What you should do:
Make an exact copy of the records below, leaving every image out.

___

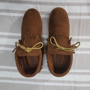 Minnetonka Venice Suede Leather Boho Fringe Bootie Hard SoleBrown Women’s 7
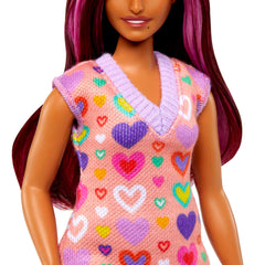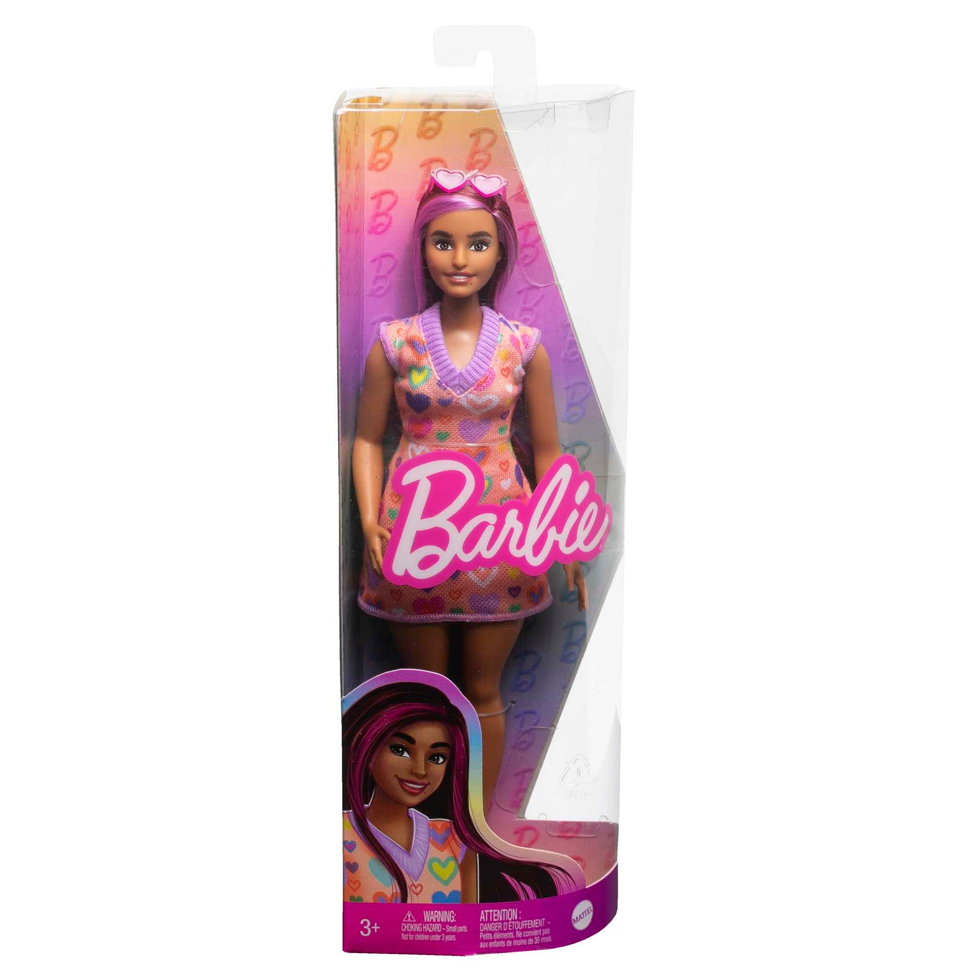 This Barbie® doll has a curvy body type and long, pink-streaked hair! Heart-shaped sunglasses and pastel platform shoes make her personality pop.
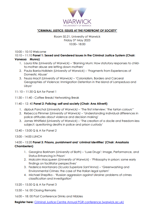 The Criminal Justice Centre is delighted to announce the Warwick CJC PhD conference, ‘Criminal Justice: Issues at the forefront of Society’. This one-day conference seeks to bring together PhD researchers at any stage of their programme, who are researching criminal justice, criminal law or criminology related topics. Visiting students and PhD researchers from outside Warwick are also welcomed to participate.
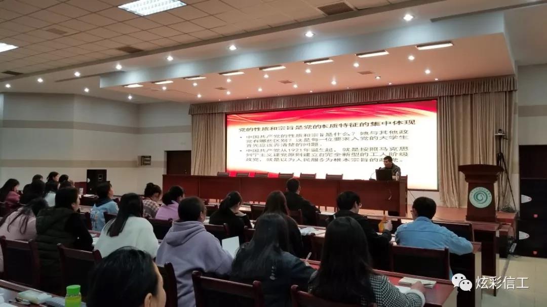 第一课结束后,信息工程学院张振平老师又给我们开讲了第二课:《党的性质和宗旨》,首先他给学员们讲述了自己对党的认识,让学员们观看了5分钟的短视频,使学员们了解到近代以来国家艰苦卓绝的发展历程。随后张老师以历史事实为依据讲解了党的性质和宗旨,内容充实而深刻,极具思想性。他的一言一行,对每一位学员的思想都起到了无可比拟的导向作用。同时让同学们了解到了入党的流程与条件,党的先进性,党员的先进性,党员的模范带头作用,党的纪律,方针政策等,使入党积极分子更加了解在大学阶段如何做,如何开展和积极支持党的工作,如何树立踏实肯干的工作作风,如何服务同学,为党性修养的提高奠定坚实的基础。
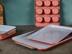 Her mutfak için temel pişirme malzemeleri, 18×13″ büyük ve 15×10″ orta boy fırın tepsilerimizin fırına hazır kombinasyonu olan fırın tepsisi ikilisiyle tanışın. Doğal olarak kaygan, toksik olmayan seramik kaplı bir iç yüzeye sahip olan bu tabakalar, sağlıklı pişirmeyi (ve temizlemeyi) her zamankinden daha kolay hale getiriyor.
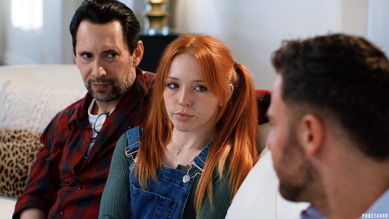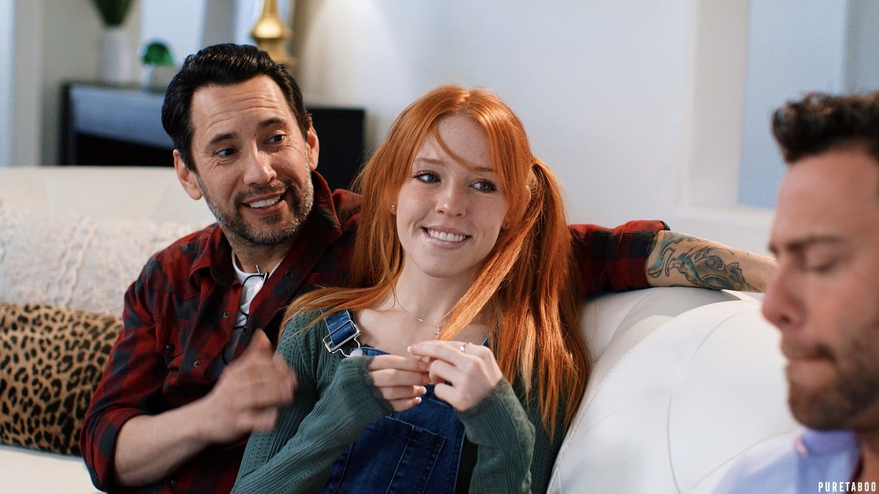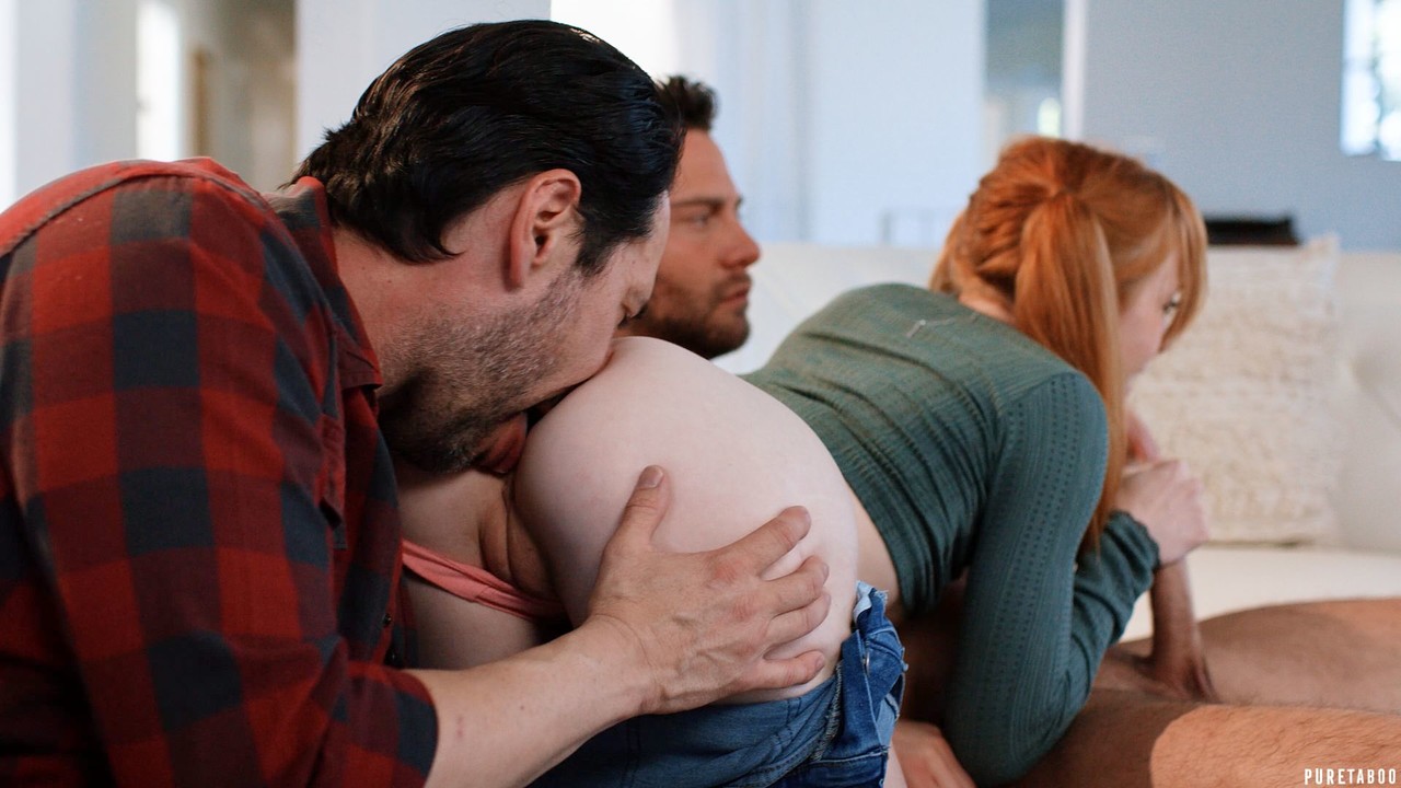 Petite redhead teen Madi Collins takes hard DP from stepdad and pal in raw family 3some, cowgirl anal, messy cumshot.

___

Result:
 Minnetonka Venice Suede Leather Boho Fringe Bootie Hard SoleBrown Women’s 7
 This Barbie® doll has a curvy body type and long, pink-streaked hair! Heart-shaped sunglasses and pastel platform shoes make her personality pop.
 The Criminal Justice Centre is delighted to announce the Warwick CJC PhD conference, ‘Criminal Justice: Issues at the forefront of Society’. This one-day conference seeks to bring together PhD researchers at any stage of their programme, who are researching criminal justice, criminal law or criminology related topics. Visiting students and PhD researchers from outside Warwick are also welcomed to participate.
 第一课结束后,信息工程学院张振平老师又给我们开讲了第二课:《党的性质和宗旨》,首先他给学员们讲述了自己对党的认识,让学员们观看了5分钟的短视频,使学员们了解到近代以来国家艰苦卓绝的发展历程。随后张老师以历史事实为依据讲解了党的性质和宗旨,内容充实而深刻,极具思想性。他的一言一行,对每一位学员的思想都起到了无可比拟的导向作用。同时让同学们了解到了入党的流程与条件,党的先进性,党员的先进性,党员的模范带头作用,党的纪律,方针政策等,使入党积极分子更加了解在大学阶段如何做,如何开展和积极支持党的工作,如何树立踏实肯干的工作作风,如何服务同学,为党性修养的提高奠定坚实的基础。
 Her mutfak için temel pişirme malzemeleri, 18×13″ büyük ve 15×10″ orta boy fırın tepsilerimizin fırına hazır kombinasyonu olan fırın tepsisi ikilisiyle tanışın. Doğal olarak kaygan, toksik olmayan seramik kaplı bir iç yüzeye sahip olan bu tabakalar, sağlıklı pişirmeyi (ve temizlemeyi) her zamankinden daha kolay hale getiriyor.
 Petite redhead teen Madi Collins takes hard DP from stepdad and pal in raw family 3some, cowgirl anal, messy cumshot.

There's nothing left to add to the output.